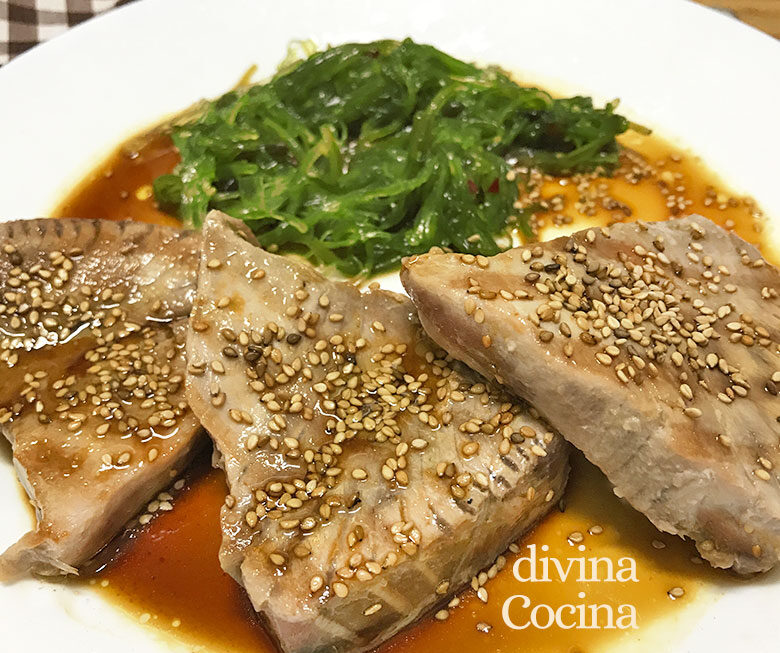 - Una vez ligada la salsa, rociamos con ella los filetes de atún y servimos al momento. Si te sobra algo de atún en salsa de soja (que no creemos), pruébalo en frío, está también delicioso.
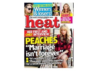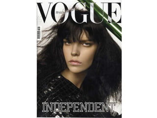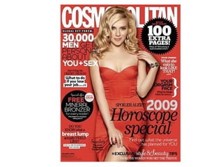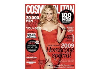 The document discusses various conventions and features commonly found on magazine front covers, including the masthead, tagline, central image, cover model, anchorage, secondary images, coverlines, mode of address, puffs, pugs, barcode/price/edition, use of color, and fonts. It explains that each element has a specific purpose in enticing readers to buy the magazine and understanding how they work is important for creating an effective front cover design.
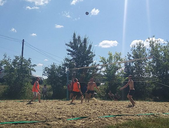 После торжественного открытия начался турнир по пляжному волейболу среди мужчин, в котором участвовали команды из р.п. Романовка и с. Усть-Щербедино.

-.-.-

Write out the lines of the listing from the one that holds "The document discusses" to the very last line, both included, exactly as they appear and without any pictures.

 The document discusses various conventions and features commonly found on magazine front covers, including the masthead, tagline, central image, cover model, anchorage, secondary images, coverlines, mode of address, puffs, pugs, barcode/price/edition, use of color, and fonts. It explains that each element has a specific purpose in enticing readers to buy the magazine and understanding how they work is important for creating an effective front cover design.
 После торжественного открытия начался турнир по пляжному волейболу среди мужчин, в котором участвовали команды из р.п. Романовка и с. Усть-Щербедино.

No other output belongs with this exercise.